> _ACTIVITY_
Only an exact copy is wanted: the lines from the one holding "FIGURA 121. MĂRIMEA" through the last line below, minus the pictures.
═════ WORKING DATA ═════
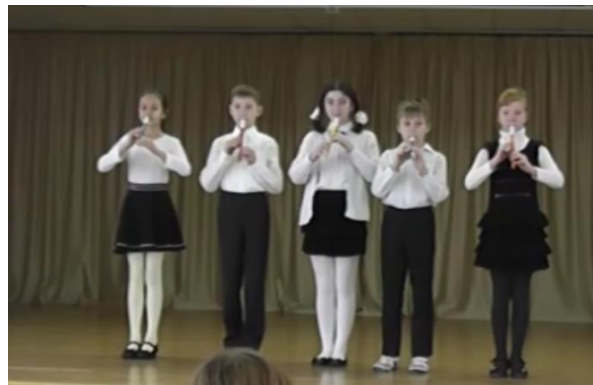
Ансамбль 4 «Б» класса
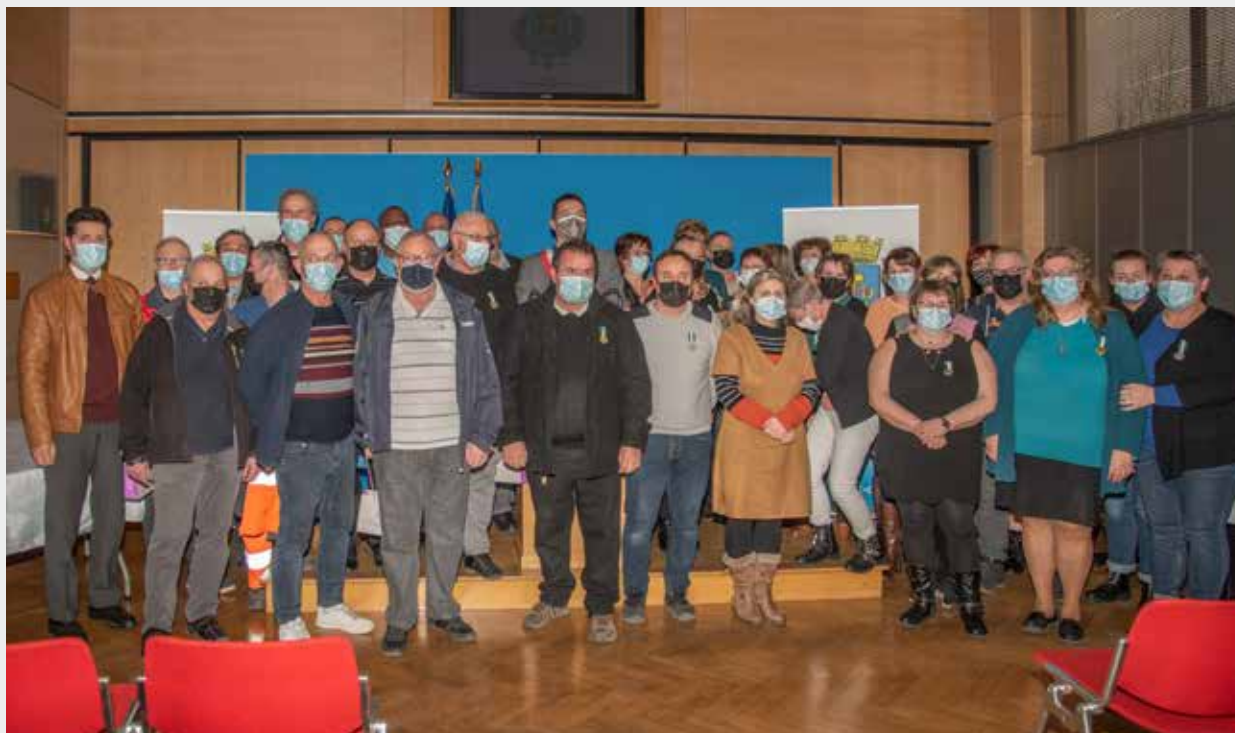
◀ De l'argent, du vermeil et de l'or Des médailles d'honneur régionales, départementales et communales, d'argent pour 20 ans, de vermeil pour 30 ans, et d'or pour 35 ans de travail, ont été officiellement remises à des salariés de la Ville de Saint-Dié-des-Vosges. Cette cérémonie organisée à l'hôtel de ville, concernait la promotion de l'année 2022, mais aussi celles de 2020 et de 2021 retardées du fait de la pandémie.
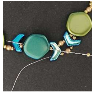
15) Plaats 1 R11 en ga door de Polygon
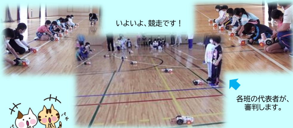
いよいよ、競走です！
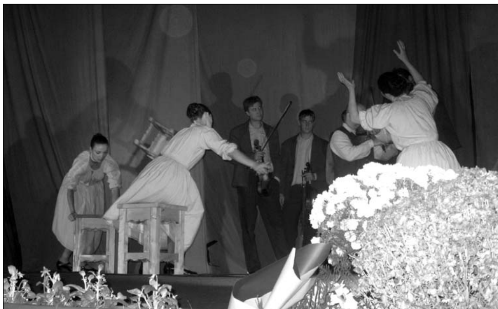
A Háromszék Táncegyüttes előadásával értek véget a 13. Szeben Megyei Magyar Napok
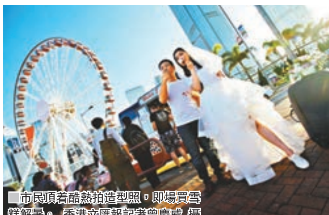
市民頂着酷熱拍造型照，即場買雪糕解暑。

他指出，近日儲水池乾涸，不足應付全村19戶的需求，需要自行購買蒸餾水飲用，晚上要等到11時才儲夠水洗
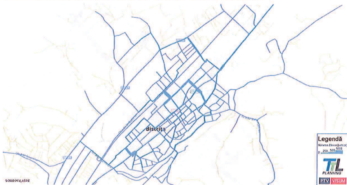
FIGURA 121. MĂRIMEA FLUXURILOR DE TRAFIC – BICICLETE – AN DE PROGNOZĂ 2027
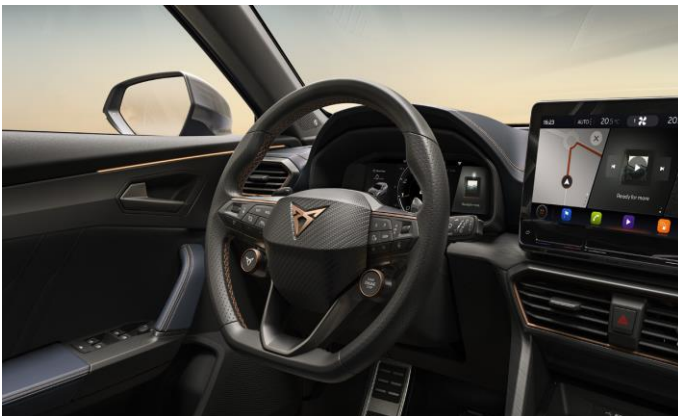
Volant Supersport (P1V)

Chceme, aby ste si automobil CUPRA užívali čo možno najdlhšie. Preto okrem 3-ročnej záruky na lak poskytujeme 12-ročnú záruku proti prehrdzaveniu z vnútra. Modely značky CUPRA majú plne-pozinkovanú karosériu čo ich činí odolnými voči všetkému, čo na vás prírodné živly môžu zoslať.
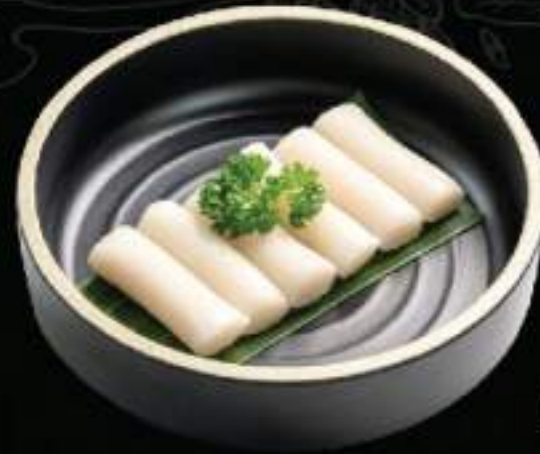
Bánh gạo Hàn Quốc Tokbokki
═════
> _RESPONSE TO THE EXERCISE_
FIGURA 121. MĂRIMEA FLUXURILOR DE TRAFIC – BICICLETE – AN DE PROGNOZĂ 2027
Volant Supersport (P1V)

Chceme, aby ste si automobil CUPRA užívali čo možno najdlhšie. Preto okrem 3-ročnej záruky na lak poskytujeme 12-ročnú záruku proti prehrdzaveniu z vnútra. Modely značky CUPRA majú plne-pozinkovanú karosériu čo ich činí odolnými voči všetkému, čo na vás prírodné živly môžu zoslať.
Bánh gạo Hàn Quốc Tokbokki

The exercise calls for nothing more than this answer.